Even the draft code fell short of what was needed, in the opinion of most human rights experts. And yet, while the Council of Europe still seemed willing to put a brake on AI deployment, a useful body of research and policy was initiated, such as this paper on AI ethics, written by a team in UK HE, that looked at diverse codes and how they might mitigate some high level risks. If the university sector wanted to understand the risks more deeply and particularly, and take a collective position on mitigation, it could be building on these resources. It could be defining its own code of AI ethics, with its own values and stakeholders, independently of the AI industry and whatever it may or may not ‘embed’ into its platforms. Without collective action of the kind it (briefly) took with Turnitin, universities will have little choice but to adopt the latest technical ‘fixes’ from the very industry that is creating the problems. ‘Ethical AI’ is already an industry within an industry, much of it run from departments within existing AI mega-corporations, set up to disarm external regulation and/or reassure consumers. These departments, notoriously, are stood down if they get too expensive or too uppity to meet the brief.
Universities do not have the excuse that the technology is beyond our understanding. Until very recently, the developments that power GenAI were being made inside, or at least in partnership with, university research labs (see for example Meredith Whittaker’s unwavering essay The Steep Cost of Capture on how this situation was overturned, and big corporations took the lead).
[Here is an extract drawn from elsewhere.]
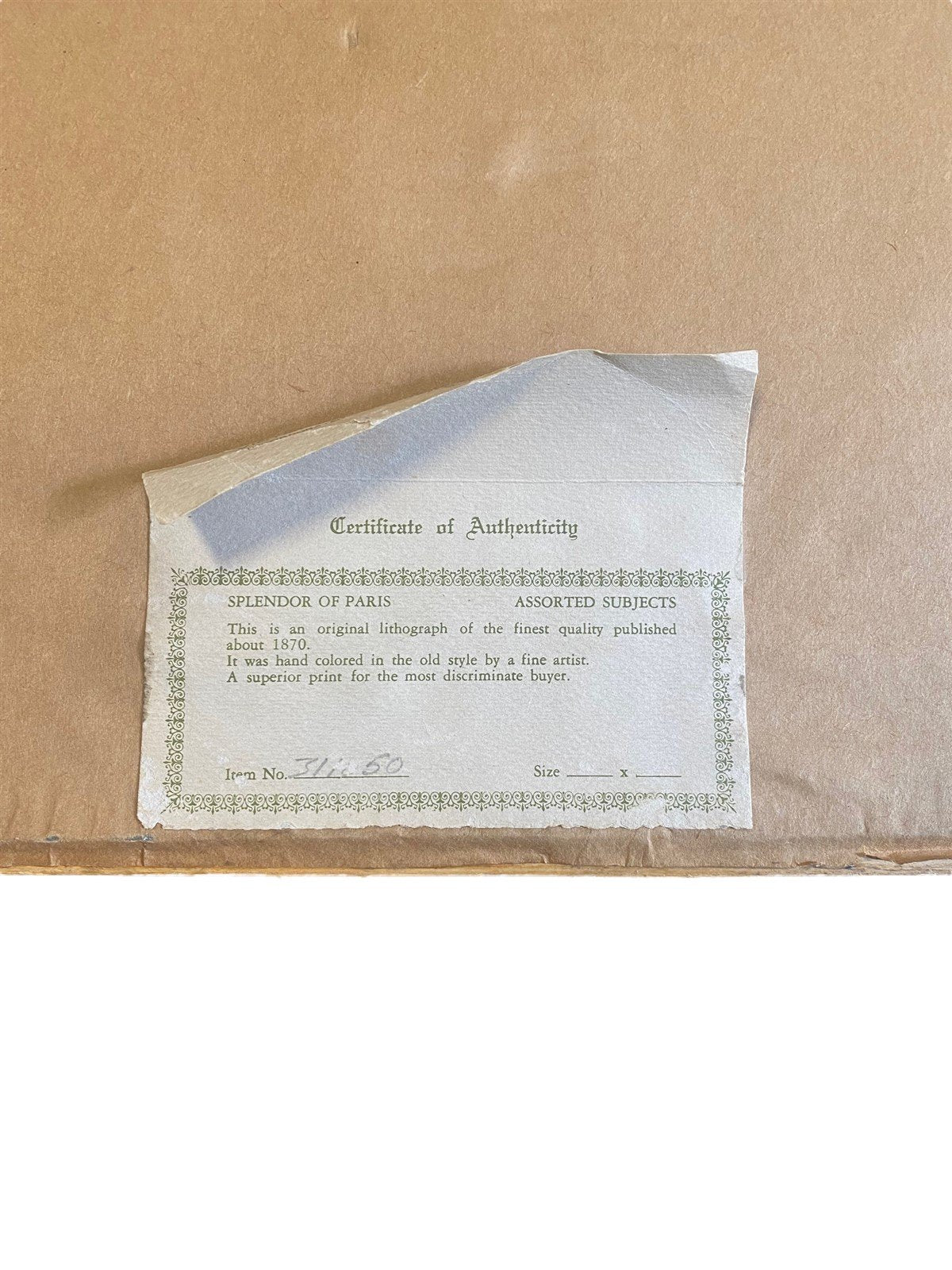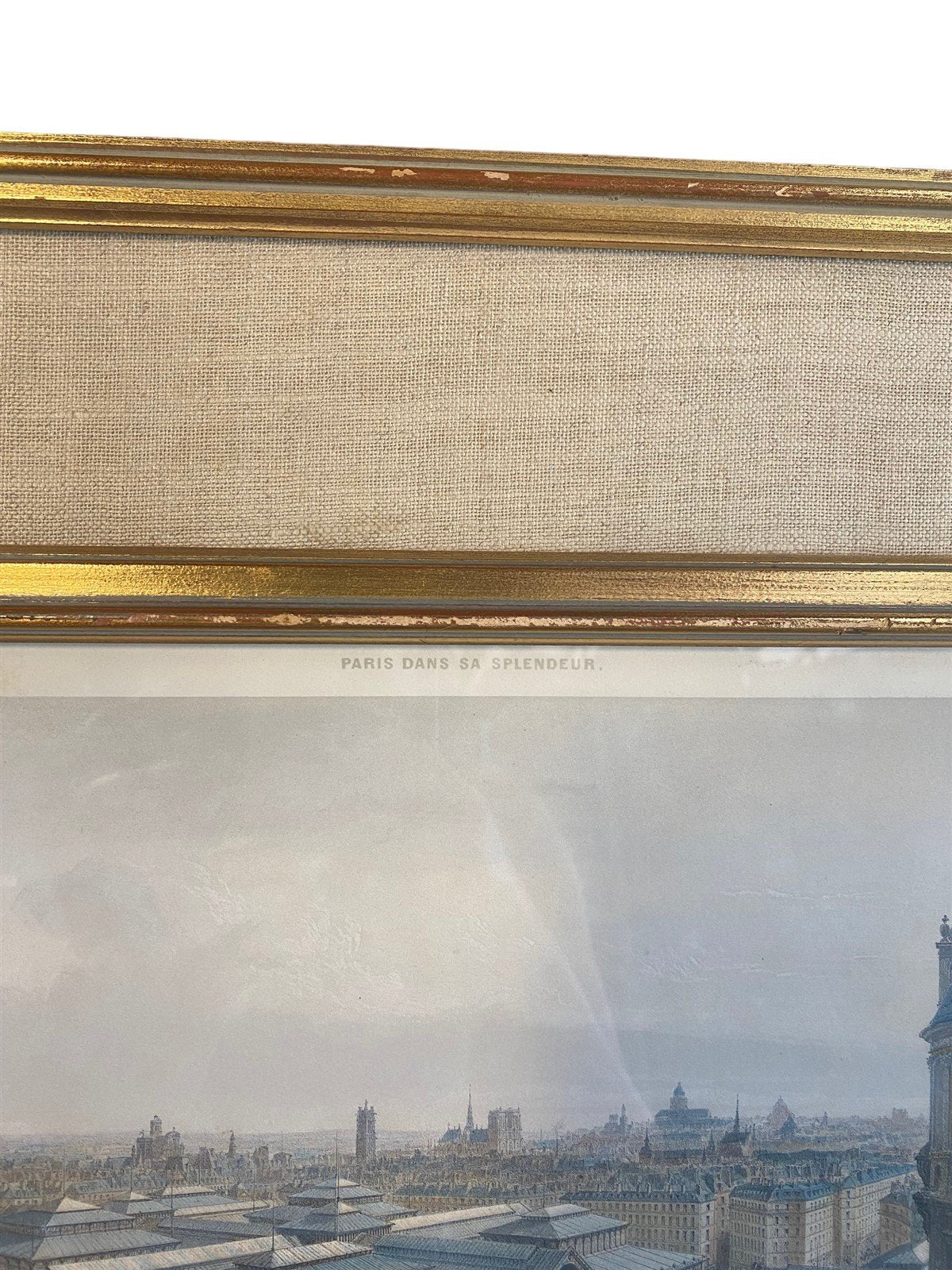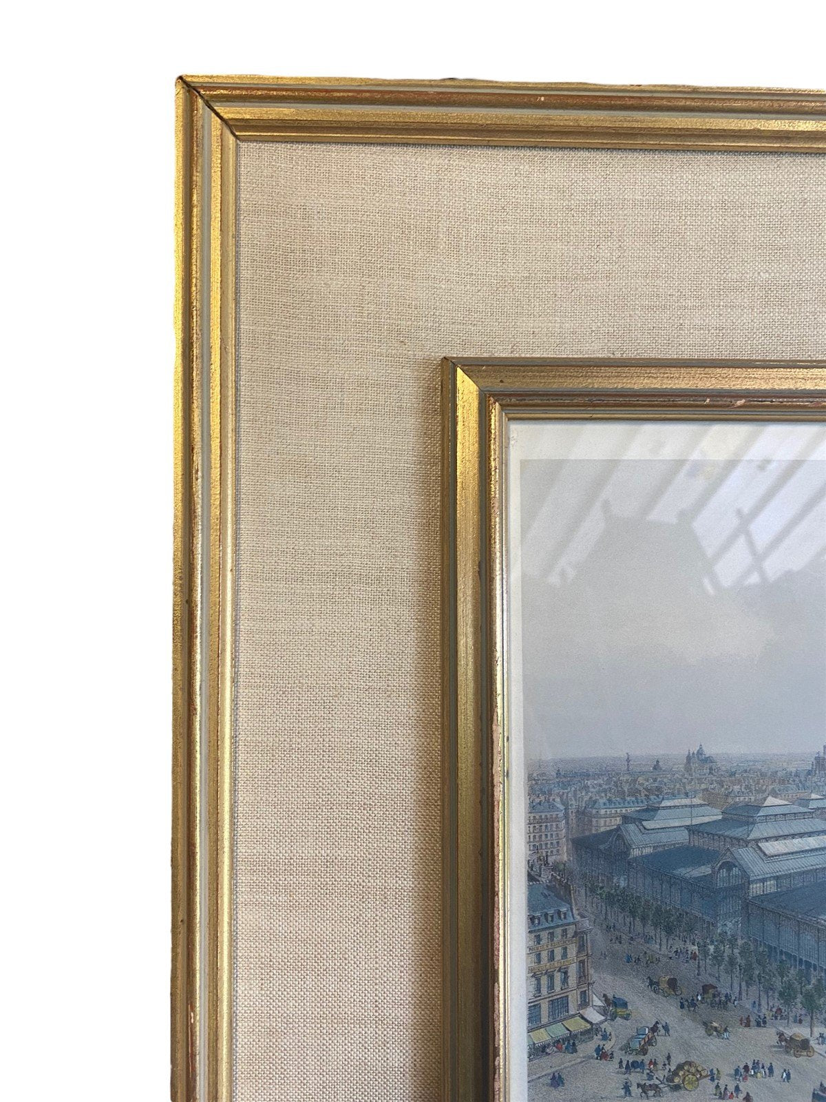 Authentic 1870 Lithograph Print of 'LES HALLES CENTRALES PARIS DANS SA SPLENDEUR'. This beautifully framed piece came from VICTORIUS Incorporated Charlottsville, Virginia. This is one piece directly from Paul Victorius' collection of fine art prints, antiquarian maps, books and manuscripts. Paul, born in New York in the early 1900s, left New York to study medicine in London in 1924. From there he started his collection of fine pieces, and is known to have an exquisite collection that has been sold to various buyers all around the world. His collection reputedly had become the largest and finest in the world, which included pieces owned by Charles Darwin himself. The city scape you see is of Les Halles De Paris, the central fresh food market and bustling street. The view is from the galleries of the church St. Eustache, 1861. The frame has some wears and flaws, however from one perception to another, the flaws could add to its beauty. The gold paint on the frame has some scratches that can be restored if you are not fond of them. The upper right corner has some minor tears on the fabric part of the frame. The back of this piece has some tears on the original paper back lining, all included in the photos to see for yourself. The piece is 24.25" long, 21.50" wide, and comes off the wall about 2". Overall, this piece is one of a kind and exceptionally beautiful. Item No. 311250.Take a look at the pictures for the best description. A photo is as good as a thousand words and is the best description of cosmetic condition. Use your ZOOM TOOL to best see this item! Please look closely at the photos for condition answers.

Higher education is one of the few sectors that could bring together the expertise and funding to produce more ethical alternatives to existing models. Universities have a recent history of tough conversations around #MeToo, decolonisation and freedom of speech, and could be hosting genuinely critical conversations about AI futures. Drawing on expertise not only in computing and data science but in social science and critical technology studies. Refusing the narrative of inevitable ‘disruption’ to the futures of graduate work. Daring to be led by students, in spaces where they can be honest about the extent of their use, their AI dreams and fears. Working out how to centre the people and communities who are most likely to feel the negative effects.
I know these conversations are happening in some parts of some universities. The Principles may help by clearing ground over in the academic integrity corner so that the focus can move to these wider intellectual and moral concerns. But they miss an opportunity to open up and support those conversations, by not providing a sense of the particular jeopardy universities face in relation to the harms they name. Principle 5 could be extended from ‘sharing best practice’ to something much more concrete: a code of ethics and practice that stands independent of the AI industry and is robust enough to deal with its disruptive power.
Absolutely spot on. I started to read the Russell Group principles during the third round of revisions on my Blueprint for an AI Bill of Rights for Education, and thought “oh, someone’s beat me to it.” And then about halfway through I was scratching my head. This is one of the best analyses I’ve seen of this document; thank you for this. Looking forward to reading more of your work!